PROBLEM DETAILS:
Nothing but the lines below from the one with "1、完成基础培训后,点击【O" through the one with "Trong thời gian" should be output, each exactly as given, and no pictures.

SUPPLIED INFORMATION:
========================================
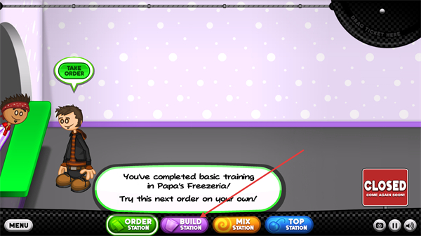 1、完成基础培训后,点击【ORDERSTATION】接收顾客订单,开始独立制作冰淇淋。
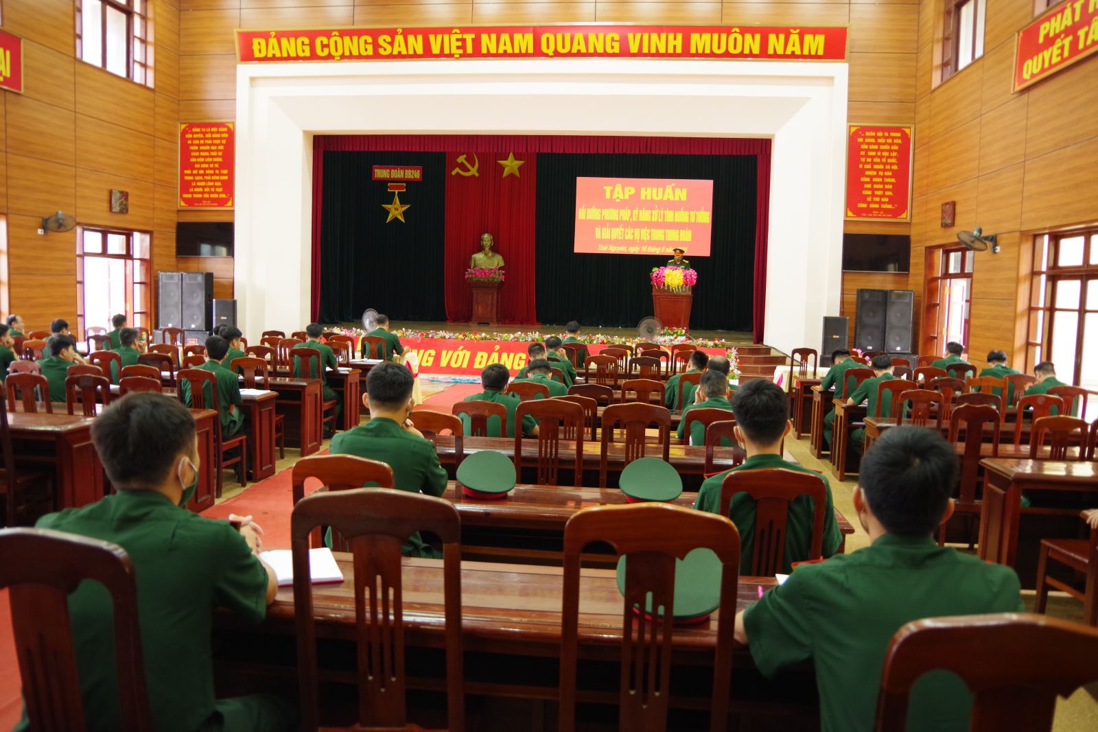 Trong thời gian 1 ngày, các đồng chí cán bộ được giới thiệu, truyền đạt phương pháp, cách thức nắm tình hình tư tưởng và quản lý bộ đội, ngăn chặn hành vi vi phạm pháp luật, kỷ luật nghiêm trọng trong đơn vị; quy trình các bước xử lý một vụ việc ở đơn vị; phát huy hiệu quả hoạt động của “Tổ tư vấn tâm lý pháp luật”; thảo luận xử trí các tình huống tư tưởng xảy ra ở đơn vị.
========================================
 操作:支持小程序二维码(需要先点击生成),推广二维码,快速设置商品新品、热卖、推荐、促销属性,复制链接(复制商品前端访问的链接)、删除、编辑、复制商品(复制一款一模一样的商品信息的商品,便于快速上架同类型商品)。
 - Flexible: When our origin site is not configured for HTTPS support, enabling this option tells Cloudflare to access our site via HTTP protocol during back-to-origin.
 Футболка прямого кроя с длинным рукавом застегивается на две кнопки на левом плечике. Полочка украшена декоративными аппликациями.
========================================
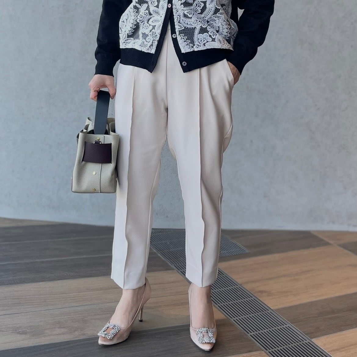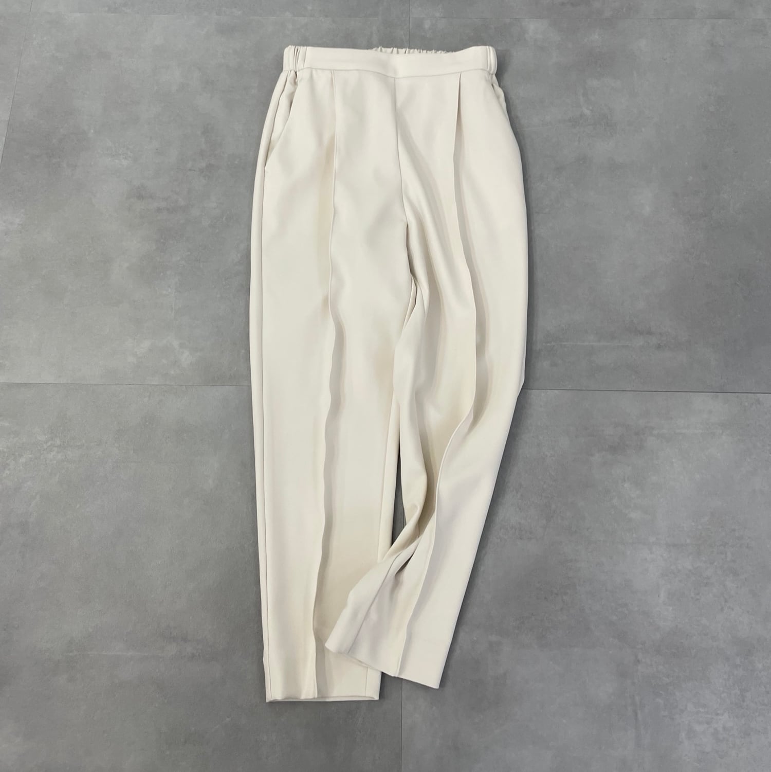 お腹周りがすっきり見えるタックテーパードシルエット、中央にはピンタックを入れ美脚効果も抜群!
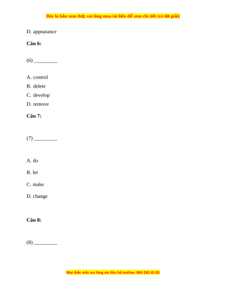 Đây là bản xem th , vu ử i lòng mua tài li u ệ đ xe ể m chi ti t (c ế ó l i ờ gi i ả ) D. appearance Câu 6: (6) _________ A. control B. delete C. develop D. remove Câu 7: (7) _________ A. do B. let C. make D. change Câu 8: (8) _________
========================================
ANSWER:
 1、完成基础培训后,点击【ORDERSTATION】接收顾客订单,开始独立制作冰淇淋。
 Trong thời gian 1 ngày, các đồng chí cán bộ được giới thiệu, truyền đạt phương pháp, cách thức nắm tình hình tư tưởng và quản lý bộ đội, ngăn chặn hành vi vi phạm pháp luật, kỷ luật nghiêm trọng trong đơn vị; quy trình các bước xử lý một vụ việc ở đơn vị; phát huy hiệu quả hoạt động của “Tổ tư vấn tâm lý pháp luật”; thảo luận xử trí các tình huống tư tưởng xảy ra ở đơn vị.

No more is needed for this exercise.